Recently, ByteDance launched a new lip-sync framework called LatentSync, aimed at achieving more precise lip synchronization using an audio-conditioned latent diffusion model. This framework is based on Stable Diffusion and has been optimized for temporal consistency.
Unlike previous methods that rely on pixel-space diffusion or two-stage generation, LatentSync employs an end-to-end approach that eliminates the need for intermediate motion representations, allowing for direct modeling of the complex relationship between audio and visual elements.
Within the LatentSync framework, audio spectrograms are first converted into audio embeddings using Whisper, which are then integrated into the U-Net model through cross-attention layers. The framework takes reference frames and masked frames, concatenated with noise latent variables at the channel level, as inputs to the U-Net.
During training, a single-step method is used to estimate clean latent variables from predicted noise, which are then decoded to generate clean frames. Additionally, the model incorporates the Temporal REPresentation Alignment (TREPA) mechanism to enhance temporal consistency, ensuring that the generated videos maintain coherence while achieving accurate lip synchronization.
To demonstrate the effectiveness of this technology, the project provides a series of example videos showcasing the original video alongside the lip-synchronized version. Through these examples, users can intuitively perceive the significant improvements LatentSync brings to video lip synchronization.
Original Video:
Output Video:
Furthermore, the project plans to open-source the inference code and checkpoints, making it easier for users to conduct training and testing. Users wishing to try inference need only download the necessary model weight files to get started. A complete data processing workflow has also been designed, covering all steps from video file processing to facial alignment, ensuring users can easily engage with the process.

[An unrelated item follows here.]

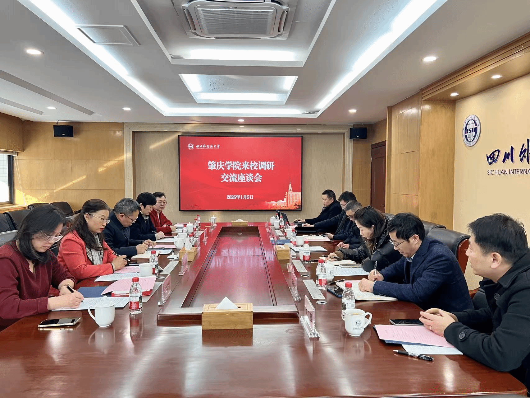 1月5日下午,胡文涛带队前往四川外国语大学就学科交叉融合进行调研和座谈。四川外国语大学副董事长王仁强主持座谈会并对公司一行表示热烈欢迎。双方相关部门就团队建设与学科交叉融合、公司产品、国际交流与合作、区域国别研究与研究院建制等方面展开深入交流。

Model Project Entry: https://github.com/bytedance/LatentSync
Key Points:
🌟 LatentSync is an end-to-end lip synchronization framework based on audio-conditioned latent diffusion models, eliminating the need for intermediate motion representations.
🎤 This framework utilizes Whisper to convert audio spectrograms into embeddings, enhancing the model's accuracy and temporal consistency during the lip-sync process.
📹 The project offers a series of example videos and plans to open-source related code and data processing workflows, facilitating user access and training.